This preprint has been withdrawn.
-
Withdrawal notice
This preprint has been withdrawn.
-
Preprint
(3081 KB)
Interactive discussion
Status: closed
-
RC1: 'Comment on nhess-2023-44', Anonymous Referee #1, 07 Jun 2023
The aim of this study is to improve landslide susceptibility mapping in a region of the Three Gorges Reservoir area of China. To achieve this, the authors rely on an inventory of 179 landslides. This inventory is then used to feed machine learning models and compare the methods. The authors show that in terms of accuracy, models outputs are rather similar. They conclude that their analysis will help for early warning.
Find below my comments.
Overall goal of the research:
Studies comparing a range of statistical methods are very common (e.g. Reichenbach et al., 2018; Merghabi et al., 2020). Furthermore, here the justification of using these modelling approaches specifically is poorly addressed. If one key motivation of the study is this quantitative objective, one would expect that, for example, the effect of spatial resolution in the relevance of the predictors is better discussed, that the spatial correlation and also to the association between each predictor variables and the occurrence of landslides is better discussed (better tested), that the sensitivity of the models are tested (various cal/val partitioning, various combination of predictors, etc.), that the info that represents the landslides (pixel, trigger zone, etc.) are also at least discussed. Here, none of those issues are actually addressed. In addition, the models are calibrated and validated with 179 landslides. Typically, this is not a large datasets and models are clearly sensitive to the size of the inventory (e.g. Steger et al., 2016; Depicker et al., 2020); such an issue would need at least a discussion.
Landslide inventory:
It is clear that the landslide inventory contains processes of various sizes and ages; which implies that the predisposing and triggering factors can be different (rainfall or earthquake triggered landslides can be associated to different environmental conditions :Sidle et al., 2016; Fan et al., 2019; Jones et al., 2021). Furthermore, there is the role of the lake water level. In addition, for landslides along roads and in built environments, most of the conditions that are at their origin (or reactivation) have been strongly altered with respect to the information that can be extracted from ancillary data. For example, the spatial resolution of 30 m DEM used in this analysis does not allow to capture the road cuts in the hillslopes.
Susceptibility analysis:
The susceptibility analysis suffers from a lack of process understanding. Several processes are addressed at the same time. Nothing is said about it. Processes that could be modelled separately are put together and depth distinction is not discussed (Sidle and Bogaard, 2016); deep-seated landslides being not (or in a very limited way) influenced by vegetation cover. The use of slope gradient in the analysis is another example of questioning, especially in the context man-made landform.

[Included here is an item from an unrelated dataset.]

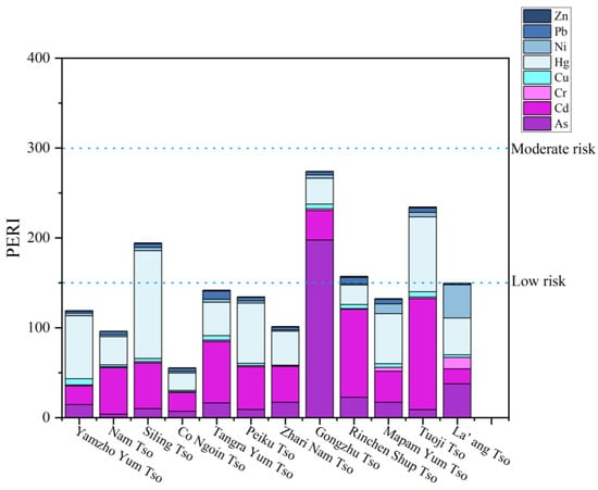 The potential ecological risk factors () are shown in Table S6. The pollution degree of eight heavy metals decreased in the following order: Hg (51.10) > Cd (50.50) > As (30.15) > Ni (6.30) > Pb (4.29) > Cu (3.78) > Cr (2.39) > Zn (0.75). The values of Cr, Ni, Zn, Pb, Ni, and Cu in the surface sediments of the 12 lakes in this study are all below 40, which was classed as a low degree of potential ecological risk. For Cd, the in Nam Tso, Siling Tso, Tangra Yum Tso, and Peiku Tso posed a moderate risk, with between 40 and 80. In addition, the values for Cd in Rinchen Shup Tso (97.94) and Tuo ji Tso (123.45) were also at a considerable risk level. For Hg, the values in Yamzho Yum Tso, Peiku Tso, Mapam Yum Tso, and La’ ang Tso appear to pose a moderate risk, with values between 40 and 80. However, the values for Hg in Tuo ji Tso (83.33) and Siling Tso (119.87) posed a considerable risk.
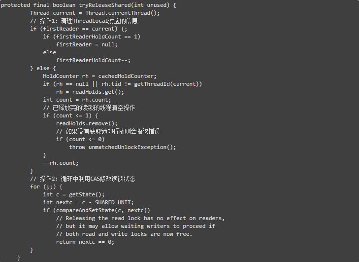 读锁的释放主要是tryReleaseShared(arg)函数,因此拆解其步骤如下:

The inventory contains landslides from historical records. However, in this research, only the current LULC is used, and nothing about the recent changes of this factors is considered. For the shallow landslides, one could expect that they are sensitive not only to the current LULC pattern, but also to its recent changes (see e.g. Sidle and Bogaard, 2016).
There is no information on how a landslide is processed in the analysis; is this one pixel, the whole trigger zone, the whole landslide body? For example, one cannot model together at the same time source and runout zones (Emberson et al., 2021).
For the largest landslides; was the pre-failure slope topography considered? This has also implication for the susceptibility analysis (for example, Steger et al., 2020).
Discussion of the susceptibility results is poor:
In such an analysis, one would expect that the association between each predictor variables and the occurrence of landslides is better discussed (better tested), that the info that represents the landslides (pixel, trigger zone, etc.) are also at least discussed. Unfortunately, there is no real discussion framed around the understanding of the processes that are analyzed.
This study, like many others, shows that at the end, the differences between models (in terms of quantitative prediction performance) are rather marginal. None of the different modelling approaches really stand out. It has been shown that high AUC values can be achieved with unrealistic landslide susceptibility maps (Steger et al., 2016). In such a context, the strongest effort should be put on the plausibility of the maps in line with the quality of the independent predictors (with regard to a.o. resolution and scale issues) and their relevance for understanding the processes at play. Here, such a discussion is not at all present.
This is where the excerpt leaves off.